Já então a atividade bancária estava de há muito fortemente ancorada no Banco do Brasil e na Caixa Econômica Federal, estabelecimentos oficiais de crédito, que atuavam ao lado de outras poucas instituições financeiras, a maioria em mãos do capital estrangeiro, à execção de pequenas instituições de alcance regional.
Coube ainda a Getúlio idealizar e fundar, em 1952, um banco de fomento, nos moldes do Eximbank dos Estados Unidos: o Banco Nacional de Desenvolvimento Econômico, hoje com a denominação de Banco Nacional de Desenvolvimento Econômico e Social – BNDES, com capital integralmente subscrito pela União.
Criado com a finalidade de financiar empreendimentos privados, o BNDES permitiu o avanço industrial do Brasil, com a implantação, em especial, da indústria automobilística, já no governo de Juscelino Kubitschek. No entanto, sua atuação foi desvirtuada, pois acabou por se transformar em instituição que, a pretexto de socorrer empresas privadas em dificuldade, estatizou diversas delas, a ponto de ser chamado pejorativamente de hospital de empresas falidas.
Foi, porém, durante o regime militar (1964-1985) que a estatização da economia experimentou seu maior incremento, com a criação pelos governos federal e estaduais de um grande número de empresas estatais, que, por sua vez, criavam subsidiárias. Isso tornava difícil até quantificar seu número exato, sendo certo que se aproximavam de 500. Tais empresas atuavam em setores estratégicos, mas também em áreas de menor importância como hotelaria e supermercados. Chegou-se ao extremo de se criar uma empresa estatal para realizar apenas uma obra: a construção da Ponte Rio-Niterói. O grande objetivo que circundava as criações de estatais pelos militares era o de aumentar o nacionalismo no país.

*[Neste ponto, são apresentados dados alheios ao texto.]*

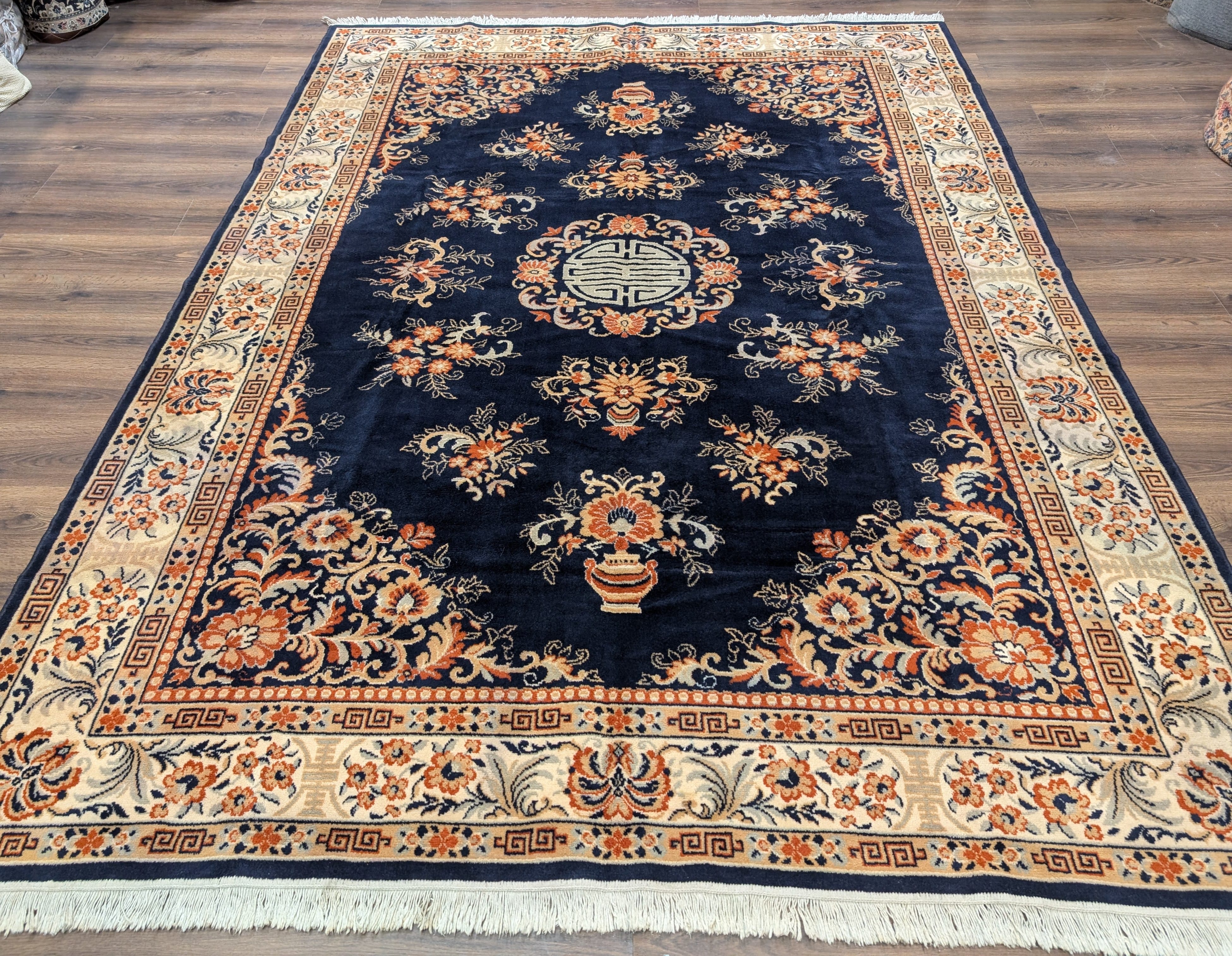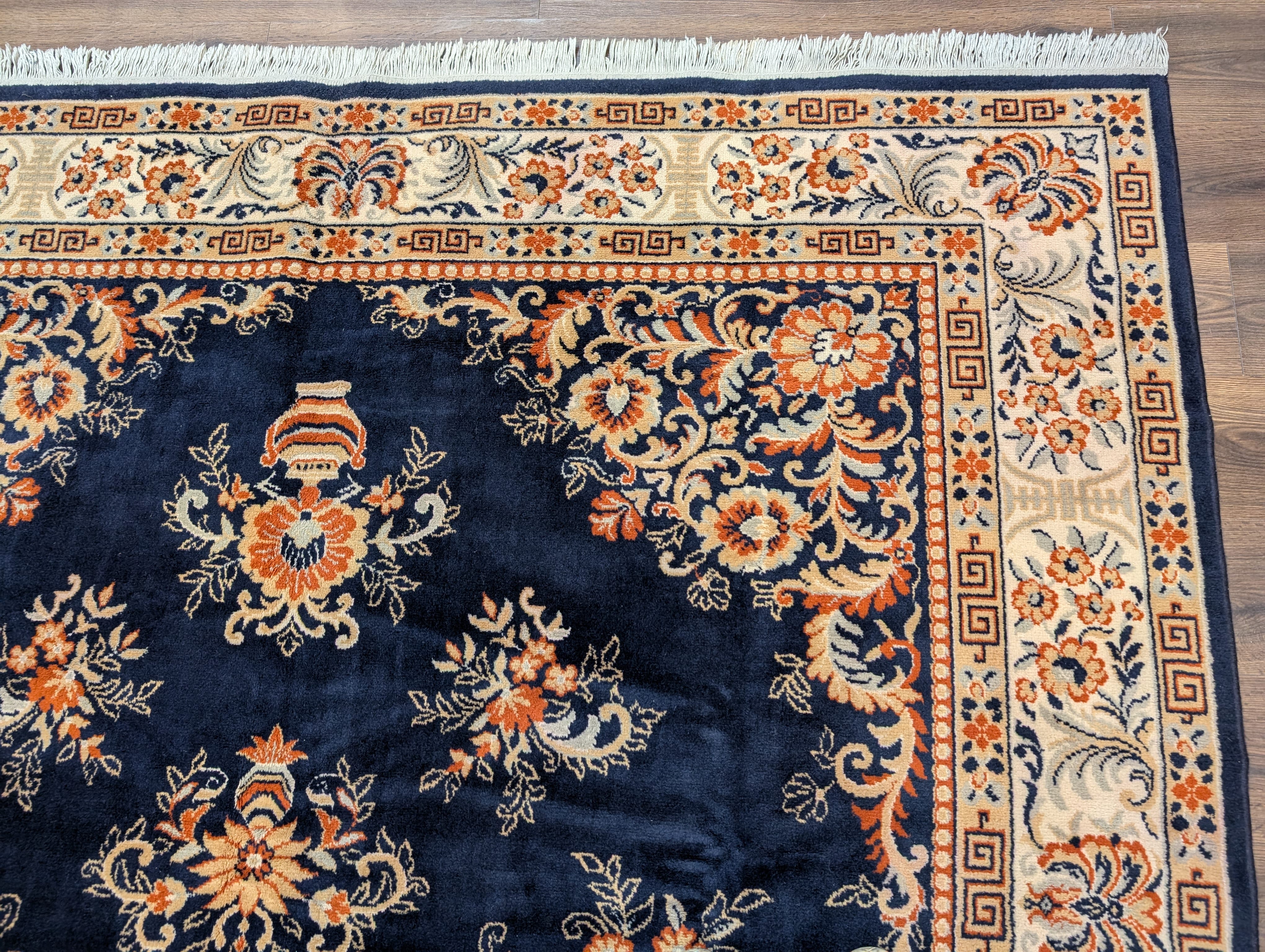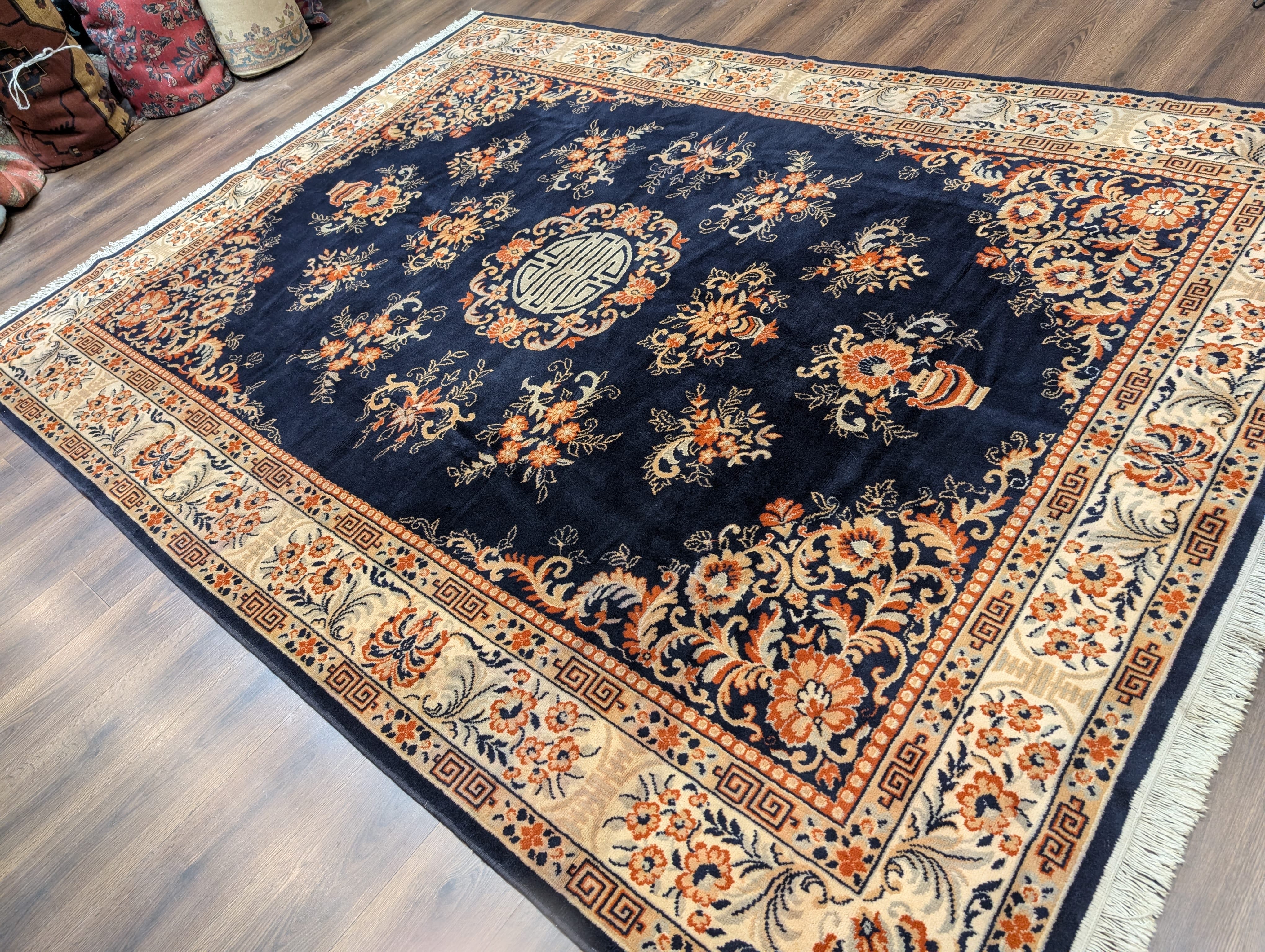 Chinese Wool Rug 8x11, Navy Blue and Cream, Belgium Power Loomed Carpet, Vintage

Coincidência ou não, foi também durante o regime militar que o Brasil experimentou seus mais altos níveis de crescimento econômico, - que chegaram a atingir mais de 13% em um único ano, quando Delfim Netto ocupava o cargo de Ministro da Fazenda.
Medidas uniformizadoras
As empresas estatais eram submetidas à supervisão de diversos ministérios, cada qual impondo suas regras próprias de administração. Critérios técnicos não raro eram preteridos por razões de conveniência política. Por exemplo, aumentos de capital eram decididos sem a prévia definição de recursos orçamentários para esse fim, revelando nenhuma preocupação com relação a seus reflexos sobre o gasto público em geral.
Para impor alguma uniformidade à gestão empresarial, decidiu-se concentrar seu controle na área econômica do Governo, por meio de órgãos subordinados à então Secretaria de Planejamento da Presidência da República e ao Ministério da Fazenda.
Assim, foi criada a Secretaria de Controle de Empresas Estatais – SEST (1979), voltada para a eficiência da gestão, e, em 1980, atribuiu-se à Procuradoria-Geral da Fazenda Nacional a competência para representar a União na assembléia geral das empresas estatais. Em 1986, já no Governo de José Sarney, foi criada a Secretaria do Tesouro Nacional, com a atribuição, entre outras, de administrar os ativos da União junto às empresas estatais. Mas como a supervisão ministerial foi mantida, essas medidas tiveram eficácia relativa.
Podia a SEST recomendar a privatização de empresas, mas nada de significativo foi feito na década de 80, salvo a devolução à iniciativa privada de empresas em dificuldades econômicas absorvidas pelo Estado.
Privatizações no Governo Collor
Fernando Collor de Mello (1990-1992) foi o primeiro presidente brasileiro a adotar as privatizações como parte de seu programa econômico, ao instituir o PND – Programa Nacional de Desestatização pela Lei nº 8.031, de 1990. No entanto, das 68 empresas incluídas no programa, apenas 18 foram efetivamente privatizadas, pois Collor teve sua ação obstaculizada com os problemas surgidos na privatização da Viação Aérea São Paulo – VASP.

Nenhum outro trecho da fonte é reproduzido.